■ Supplied material
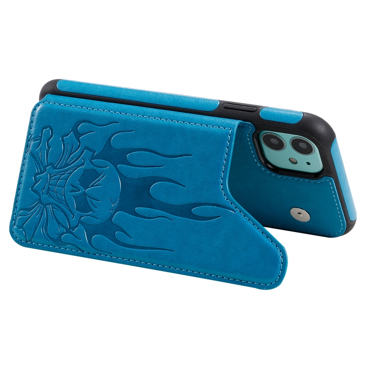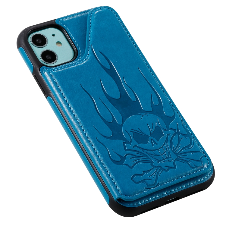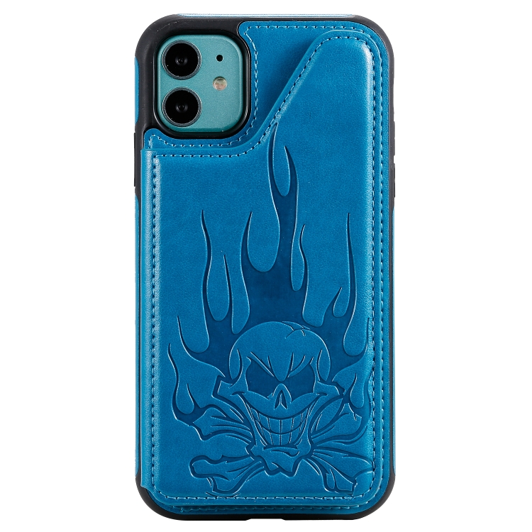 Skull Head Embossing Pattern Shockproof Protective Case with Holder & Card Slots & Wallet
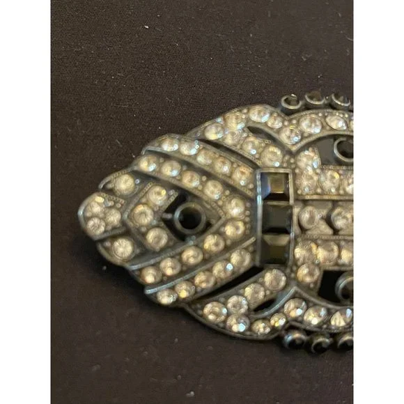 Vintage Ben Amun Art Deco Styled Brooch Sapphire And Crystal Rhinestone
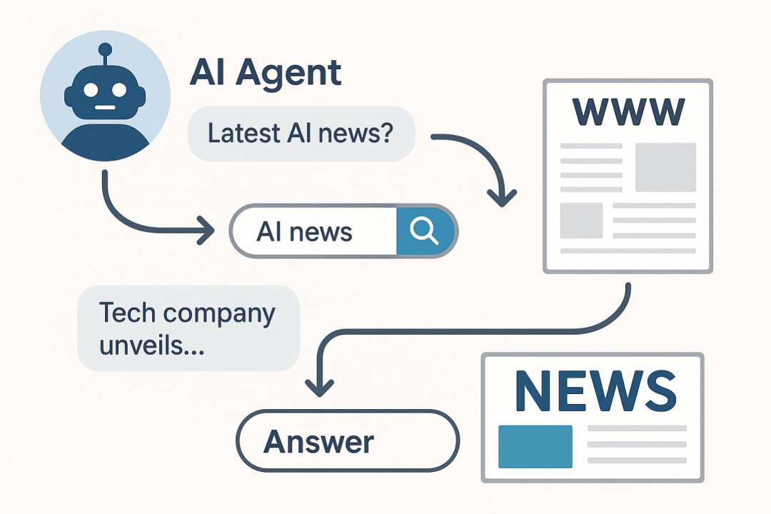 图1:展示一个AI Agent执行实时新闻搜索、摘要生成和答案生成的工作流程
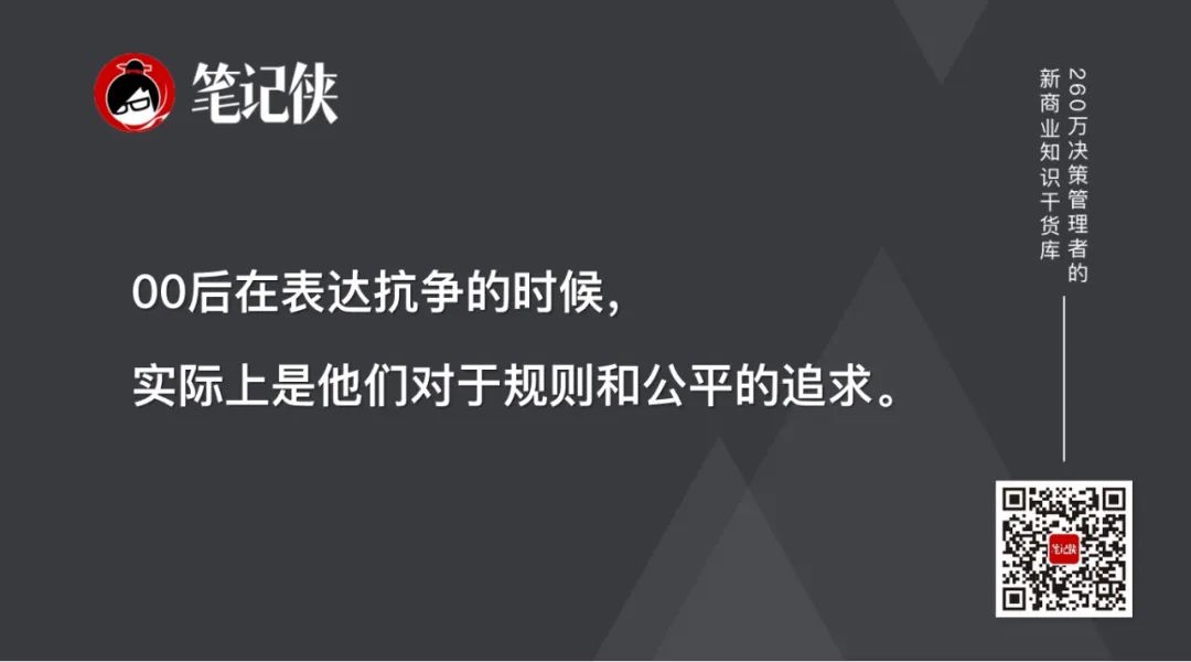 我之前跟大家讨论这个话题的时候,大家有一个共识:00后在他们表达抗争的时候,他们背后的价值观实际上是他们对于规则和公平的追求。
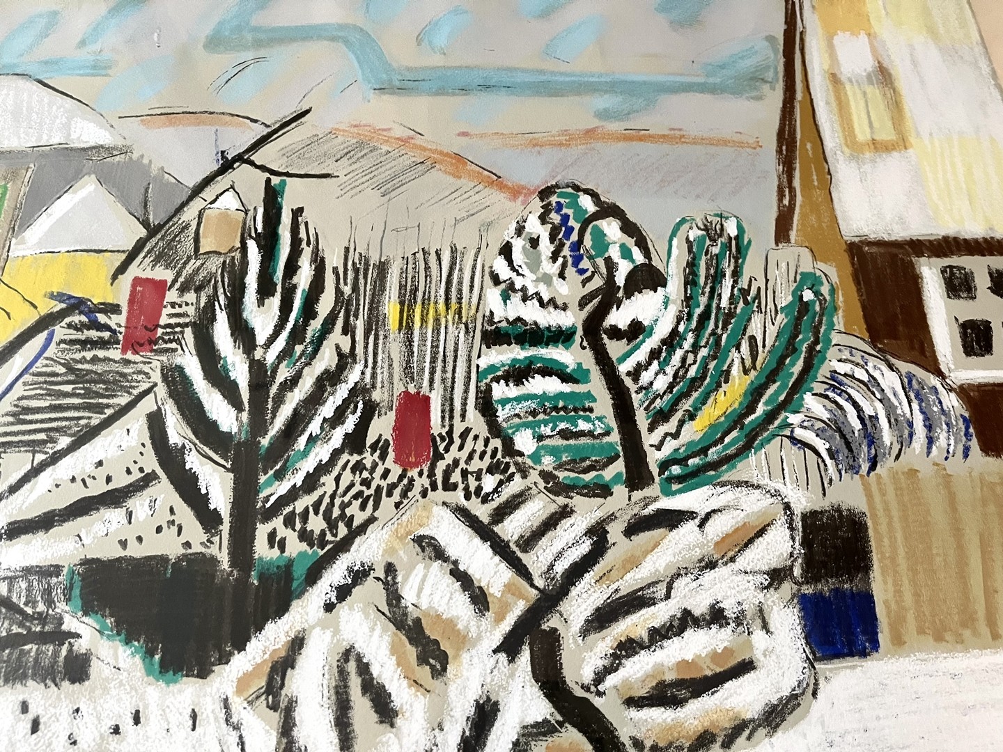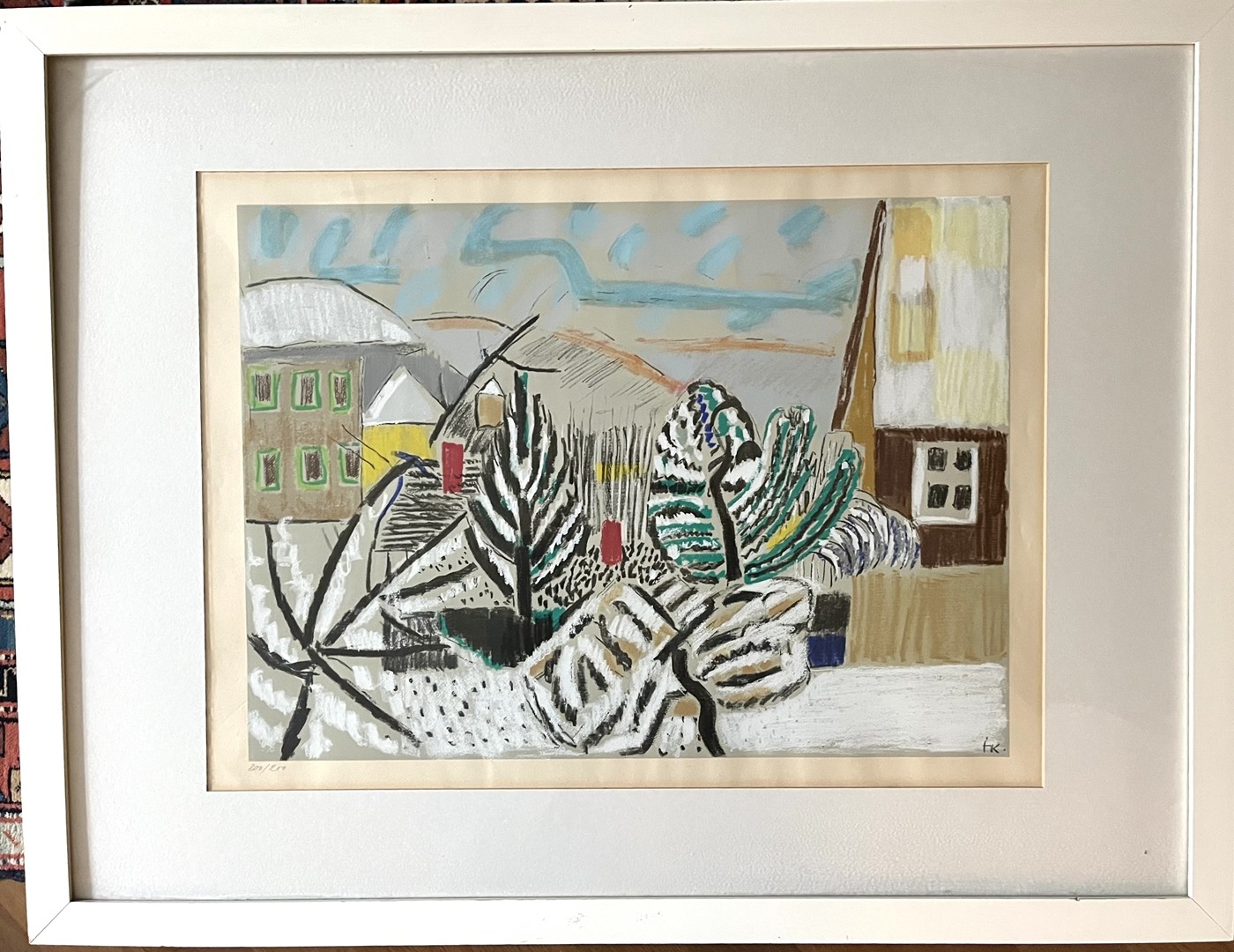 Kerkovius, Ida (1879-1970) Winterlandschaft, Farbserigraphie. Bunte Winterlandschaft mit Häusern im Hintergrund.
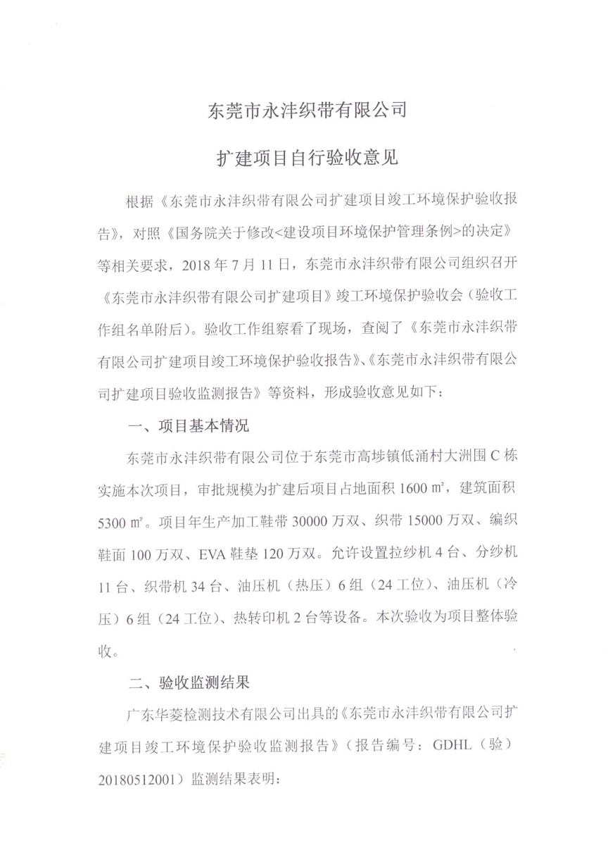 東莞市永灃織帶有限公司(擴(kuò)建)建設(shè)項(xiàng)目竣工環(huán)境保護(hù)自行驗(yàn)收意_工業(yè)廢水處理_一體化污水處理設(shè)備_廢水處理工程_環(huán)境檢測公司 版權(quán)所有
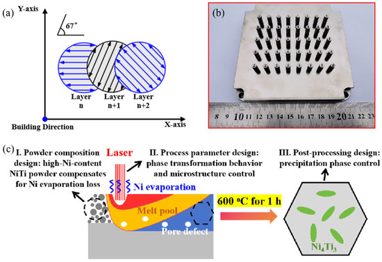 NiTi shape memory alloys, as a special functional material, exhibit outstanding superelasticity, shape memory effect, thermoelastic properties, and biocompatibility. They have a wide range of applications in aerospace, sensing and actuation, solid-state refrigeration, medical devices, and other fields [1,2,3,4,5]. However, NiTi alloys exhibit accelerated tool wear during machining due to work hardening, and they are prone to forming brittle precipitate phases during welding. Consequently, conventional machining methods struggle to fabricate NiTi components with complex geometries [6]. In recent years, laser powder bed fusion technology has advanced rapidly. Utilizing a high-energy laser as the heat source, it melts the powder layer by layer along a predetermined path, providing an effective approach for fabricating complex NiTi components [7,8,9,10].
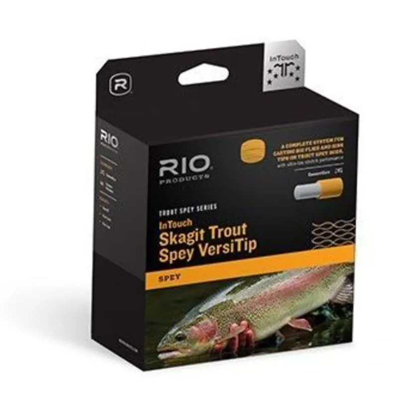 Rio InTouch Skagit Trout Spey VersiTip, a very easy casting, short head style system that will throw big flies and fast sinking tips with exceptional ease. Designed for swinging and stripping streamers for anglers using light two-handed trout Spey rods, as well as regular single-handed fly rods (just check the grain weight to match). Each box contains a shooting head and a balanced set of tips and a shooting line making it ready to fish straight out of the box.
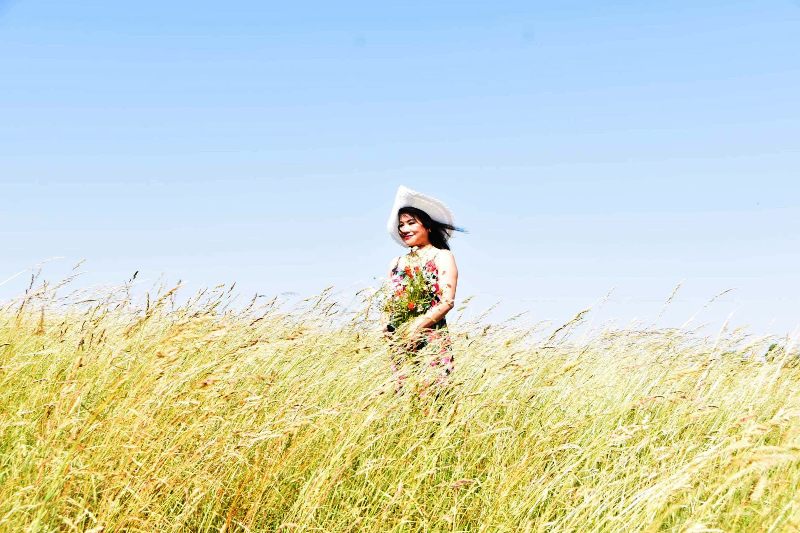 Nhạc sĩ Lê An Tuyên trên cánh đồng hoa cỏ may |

■ Task details
Above are the records; copy from them only the lines starting at the one containing "Vintage Ben Amun" and ending at the one containing "東莞市永灃織帶有限公司(擴(kuò)建)", exactly and without pictures.

■ Task response
 Vintage Ben Amun Art Deco Styled Brooch Sapphire And Crystal Rhinestone
 图1:展示一个AI Agent执行实时新闻搜索、摘要生成和答案生成的工作流程
 我之前跟大家讨论这个话题的时候,大家有一个共识:00后在他们表达抗争的时候,他们背后的价值观实际上是他们对于规则和公平的追求。
 Kerkovius, Ida (1879-1970) Winterlandschaft, Farbserigraphie. Bunte Winterlandschaft mit Häusern im Hintergrund.
 東莞市永灃織帶有限公司(擴(kuò)建)建設(shè)項(xiàng)目竣工環(huán)境保護(hù)自行驗(yàn)收意_工業(yè)廢水處理_一體化污水處理設(shè)備_廢水處理工程_環(huán)境檢測公司 版權(quán)所有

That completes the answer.